Factoring is often referred to as accounts receivable factoring as the finance it provides is directly against the accounts receivables.
Factoring is often referred to as accounts receivable factoring or accounts receivables factoring as the finance provided by factoring is made specifically against the accounts receivables. It can also be referred to as invoice finance or invoice factoring as it is each individual invoice that is assigned to the factoring company.
What are accounts receivables? They are basically the sum of all of the sales invoices not yet paid and are normally recorded in the accounting records of a business by individual customer/debtor. Therefore the total accounts receivables outstanding of a business is the sum of the current unpaid invoices.

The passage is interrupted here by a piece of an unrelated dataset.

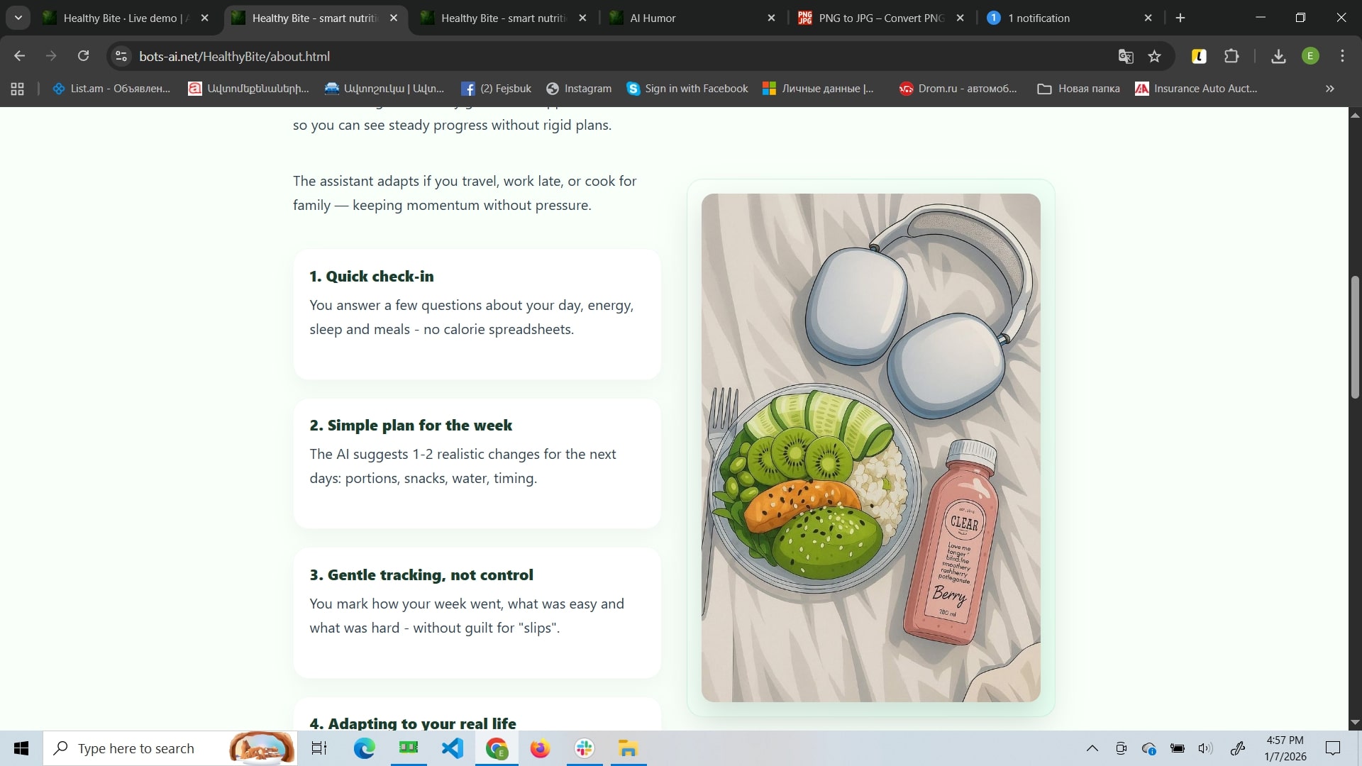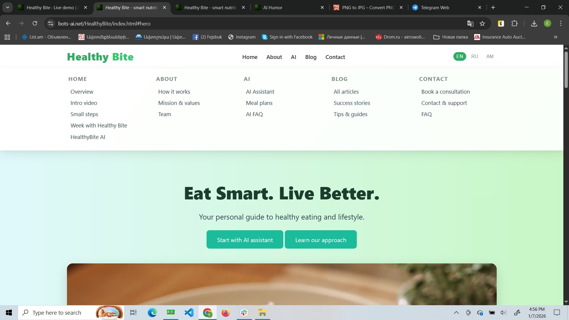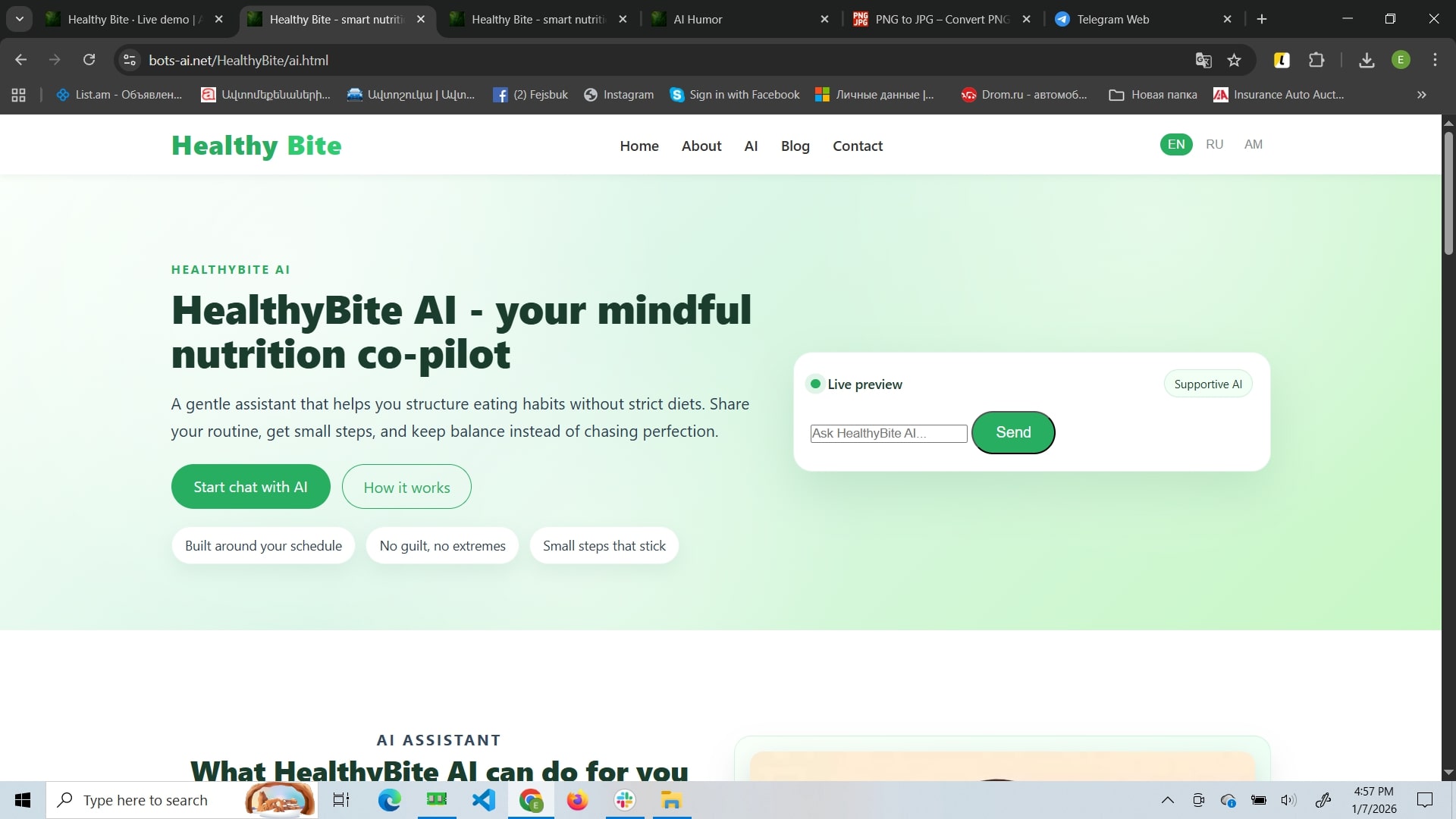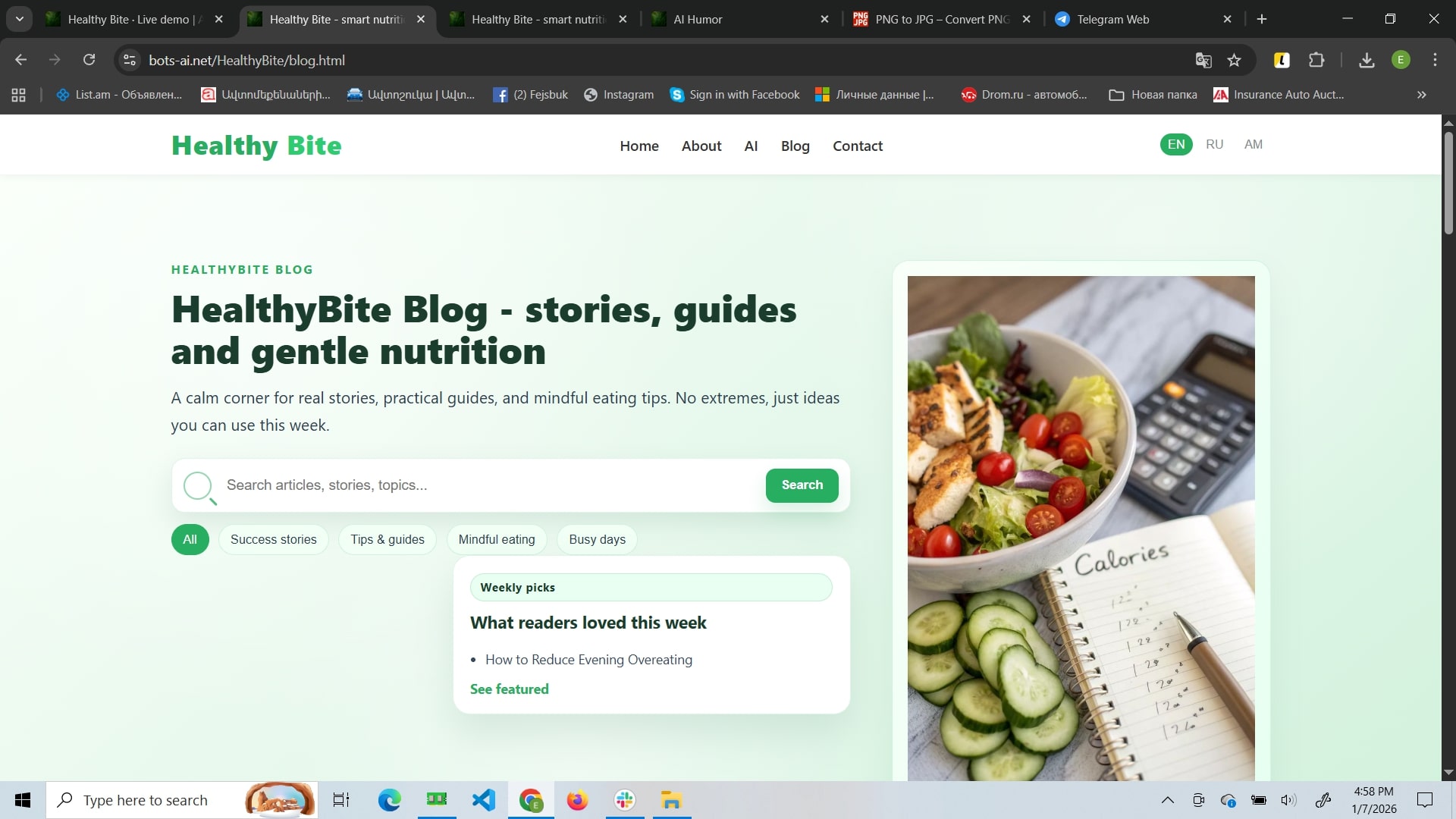 Healthy Bite is a mindful nutrition website focused on sustainable habit-building rather than strict diets. Its core feature is an AI assistant that adapts suggestions to your routine and helps you create flexible meal structures and weekly plans. The site also includes a blog with practical guides and success stories, plus a contact area for support and booking consultations.

Where credit terms are offered these invoices will not all be due for payment for example if a company offers 30 days from date of invoice payment terms to its customers an invoice issued on the 1st of the month becomes due for payment on the 30th.
Accounts receivable factoring will fund all invoices on a recourse period of upto 120 days and the factor will assume the responsibility of chasing the customer for payment as invoices become due. Taking the example above the customer should make payment on the 30th therefore on the following day the invoice is now overdue for payment and it is in the interest of both the supplier and the factoring company that payment is received promptly from the customer/debtor. The longer a debt remains unpaid the greater the risk of it not being paid at all i.e. a bad debt.
It is imperative then when credit terms of trade are offered that each invoice is followed-up as it becomes due either by sending out a statement of account or reminder letters or by contacting the customer direct by telephone or e-mail. Often time constraints on the prime movers of a business and their accounting staff limit their ability to chase promptly and effectively. It can also be difficult sometimes wearing two hats – the friendly entrepreneur trying to win new orders and at the same time firmly requesting settlement in respect of goods or services already supplied. That is where factoring comes in.
Experienced credit control staff will chase all overdue accounts and give advise on the level of credit that should be offered to individual customers. The accounting records in respect of the sales ledger will be maintained keeping a record of the total accounts receivables ongoing. Statements of account will be sent out on a regularly basis and a collection policy agreed with each business factored. On top of all this is the intial payment of upto 90% of the value of each invoice as they arise which can be the making for a growing or developing business allowed them to increase sales in order to maximise the profitability of the business.